I finally got underway at about 10:00. Instead of looking forward to having fun in the upcoming rapids I found myself getting up on my knees or actually standing in the boat before every audible water feature ahead. Since rapids existed that did not exist when my guide book was written I considered every sound ahead a potential for disaster.
At President Harding rapid, I eyeballed the big rock in the middle and decided I did not want to risk engaging it if my boat got too full of water to navigate before I got there. So I taught myself a new, useful skill and roped my boat down. Now I was starting to feel like the early river runners. Even though we all picture Powell in his wooden boat, crashing through giant water, turns out he and his group portaged every chance they could, and their boats were better than mine.
This rock at President Harding Rapid was hungry for a kayak snack. Still is, as far as I know.

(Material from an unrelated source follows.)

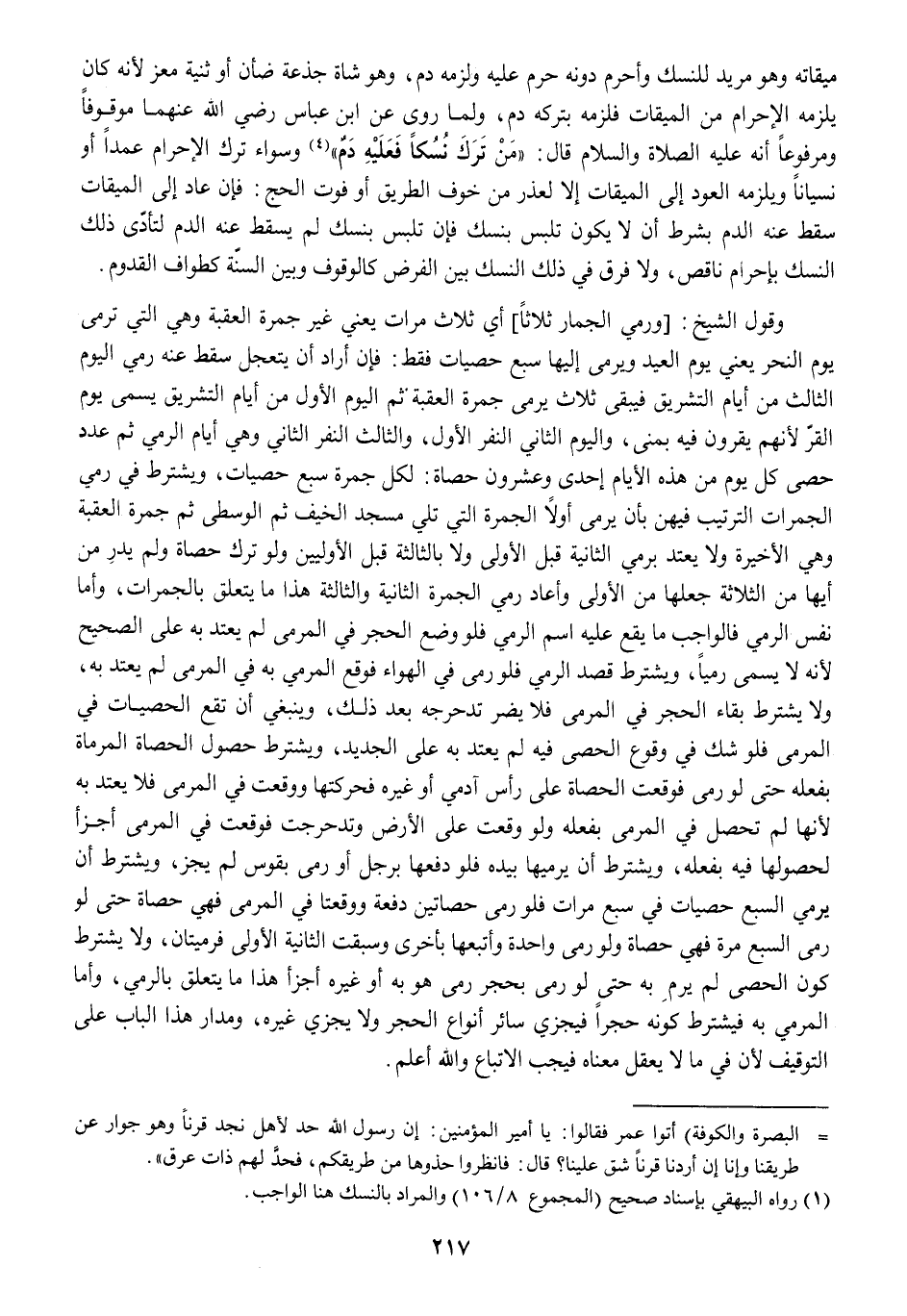 وَقَول الشَّيْخ وَرمي الْجمار ثَلَاثًا أَي ثَلَاث مَرَّات يَعْنِي غير جَمْرَة الْعقبَة وَهِي الَّتِي ترمى يَوْم النَّحْر يَعْنِي يَوْم الْعِيد وَيَرْمِي إِلَيْهَا سبع حَصَيَات فَقَط فَإِن أَرَادَ أَن يتعجل سقط عَنهُ رمي الْيَوْم الثَّالِث من أَيَّام التَّشْرِيق فَيبقى ثَلَاث يَرْمِي جَمْرَة الْعقبَة ثمَّ الْيَوْم الأول من أَيَّام التَّشْرِيق يُسمى يَوْم القر لأَنهم يقرونَ فِيهِ بمنى وَالْيَوْم الثَّانِي النَّفر الأول وَالثَّالِث النَّفر الثَّانِي وَهِي أَيَّام الرَّمْي ثمَّ عدد حَصى كل يَوْم من هَذِه الْأَيَّام إِحْدَى وَعِشْرُونَ حَصَاة لكل جَمْرَة سبع حَصَيَات وَيشْتَرط فِي رمي الجمرات التَّرْتِيب فِيهِنَّ بِأَن يَرْمِي أَولا الْجَمْرَة الَّتِي تلِي مَسْجِد الْخيف ثمَّ الْوُسْطَى ثمَّ جَمْرَة الْعقبَة وَهِي الْأَخِيرَة وَلَا يعْتد برمي الثَّانِيَة قبل الأولى وَلَا بالثالثة قبل الْأَوليين وَلَو ترك حَصَاة وَلم يدر من أَيهَا من الثَّلَاثَة جعلهَا من الأولى وَأعَاد رمي الْجَمْرَة الثَّانِيَة وَالثَّالِثَة هَذَا مَا يتَعَلَّق بالجمرات وَأما نفس الرَّمْي فَالْوَاجِب مَا يَقع عَلَيْهِ اسْم الرَّمْي فَلَو وضع الْحجر فِي المرمى لم يعْتد بِهِ على الصَّحِيح لِأَنَّهُ لَا يُسمى رمياً وَيشْتَرط قصد الرَّمْي فَلَو رمى فِي الْهَوَاء فَوَقع المرمي بِهِ فِي المرمى لم يعْتد بِهِ وَلَا يشْتَرط بَقَاء الْحجر فِي المرمى فَلَا يضر تدحرجه بعد ذَلِك وَيَنْبَغِي أَن تقع الحصيات فِي المرمى فَلَو شكّ فِي وُقُوع الْحَصَى فِيهِ لم يعْتد بِهِ على الْجَدِيد وَيشْتَرط حُصُول الْحَصَاة المرماة بِفِعْلِهِ حَتَّى لَو رمى فَوَقَعت الْحَصَاة على رَأس آدَمِيّ أَو غَيره فحركتها وَوَقعت فِي المرمى فَلَا يعْتد بِهِ لِأَنَّهَا لم تحصل فِي المرمى بِفِعْلِهِ وَلَو وَقعت على الأَرْض وتدحرجت فَوَقَعت فِي المرمى أَجْزَأَ لحصولها فِيهِ بِفِعْلِهِ وَيشْتَرط أَن يرميها بِيَدِهِ فَلَو دَفعهَا بِرَجُل أَو رمى بقوس لم يجز وَيشْتَرط أَن يَرْمِي السَّبع حَصَيَات فِي سبع مَرَّات فَلَو رمى حصاتين دفْعَة ووقعتا فِي المرمى فَهِيَ حَصَاة حَتَّى لَو رمى السَّبع مرّة فَهِيَ حَصَاة وَلَو رمى وَاحِدَة وأتبعها بِأُخْرَى وسبقت الثَّانِيَة الأولى فرميتان وَلَا يشْتَرط كَون الْحَصَى لم يرم بِهِ حَتَّى لَو رمى بِحجر رمى هُوَ بِهِ أَو غَيره أَجْزَأَ هَذَا مَا يتَعَلَّق بِالرَّمْي وَأما المرمي بِهِ فَيشْتَرط كَونه حجرا فيجزى سَائِر أَنْوَاع الْحجر وَلَا يَجْزِي غَيره ومدار هَذَا الْبَاب على التَّوْقِيف لِأَن فِي مَا لَا يعقل مَعْنَاهُ فَيجب الِاتِّبَاع وَالله أعلم

Fortunately, most of the day was through extremely calm water. Shortly before Nankoweep a commercial motor group passed me, asking if I needed anything. We both ended up at the camp where they invited me to their (electric) campfire and meals. I met a great group of folks on a corporate “reward trip”. They were doing the opposite of what I was doing – flying in, motoring down and flying out by helicopter on a short luxury trip from Europe. Our trips and styles had nothing in common but we both admired and respected what the others were doing.

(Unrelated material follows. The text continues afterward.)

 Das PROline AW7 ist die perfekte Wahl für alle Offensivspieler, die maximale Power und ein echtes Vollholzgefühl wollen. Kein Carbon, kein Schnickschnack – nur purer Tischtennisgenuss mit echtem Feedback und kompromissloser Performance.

At this point I was considering my exit plan since I knew I was not going to be able to portage Grapevine rapid. One of the crew suggested I carry out at Tanner trail. I did not know that trail even existed, and was thinking how I could get out at Phantom Ranch and extract my gear by burro. I have read many accounts of the dried up human raisins that had failed to negotiate the trip down at Bright Angel, or back up when things got hot. I’d done that hike on a moderately hot Labor Day once. Regardless, if the trip had only been to Nankoweep it would have well been worth it. The area was breathtaking. It made up for the previous day’s trials, as I hiked up to the granaries, swam in the river, made friends and got clean.